1974年以来、サイプラスのトルコ系住民とギリシャ系住民は有刺鉄線で分断され、自由なコミュニケーションもままならない。両側の女性たちは分断と繰り返される暴力を克服し、自由な交流をもとめて統一組織を立ち上げた。
女性にとっては、日常もまた戦場。
少なくとも3人に一人の女性・少女が殴られたり性的暴行を受けたことがある。
(国連女性の地位委員会報告、2000年2月)
年間100万人以上の女性と子どもが強制労働や家内労働、性搾取を目的とした人身売買の犠牲となっている。
選択的中絶や女児殺し、放置等の理由により、少なくとも6000万人の女児が「消えて」おり、その多くはアジアに集中している。
1億3千万人以上の少女と女性が性器切除を受け、さらに200万人の少女がその危険にさらされている。(WHO,1997)
メキシコのCiudad Juarezでは女性をターゲットにした暴力が頻発しており、1993年以来少なくとも263人の女性が殺害された。被害者の多くは周辺の農村から出てきた貧しい工場労働者で、殺害前にレイプやその他の身体的暴力を受けたとみられているが、女性たちを守る有効な手立ては講じられていない。
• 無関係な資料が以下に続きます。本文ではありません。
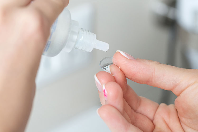 継続使用するコンタクトは、毎日のこすり洗いが必要です。ハード用、ソフト用それぞれの専用液を使用し、指で30秒ほどやさしくこすりましょう。ソフトの場合は、洗浄に加えて消毒ケアも必要になります。

(Inter-American
Human Rights Commission)
インドで性労働者のエイズ予防にとりくんでいる著名な社会活動団体SANGRAMと売春女性協同体VAMPは、地方政治家の激しい攻撃を受けている。地元警察幹部と右派政党シブ・セナ支部の幹部は、両団体に所属する女性活動家に対し殺害と強かんの脅迫を行なった。
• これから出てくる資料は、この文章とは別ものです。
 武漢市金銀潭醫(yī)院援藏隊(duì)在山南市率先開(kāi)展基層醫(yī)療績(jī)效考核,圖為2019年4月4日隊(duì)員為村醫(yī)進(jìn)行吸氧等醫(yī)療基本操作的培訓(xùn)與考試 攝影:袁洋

アメリカでは6人に一人の女性が性的暴行を受けたり受けそうになったことがある。イギリス警察は毎秒に1回の割合でDVの通報を受ける。
日本でも約6割近い女性が夫や恋人の暴力に苦しんでいることが明らかにされた。多くの女性団体の取り組みから、ドメスティックバイオレンスなど女性に対する暴力が、女性の経済的自立を妨げる性差別的な雇用・賃金形態、社会保障政策、また外国人に対する差別的取り扱いと深く関わっていることが明らかにされている。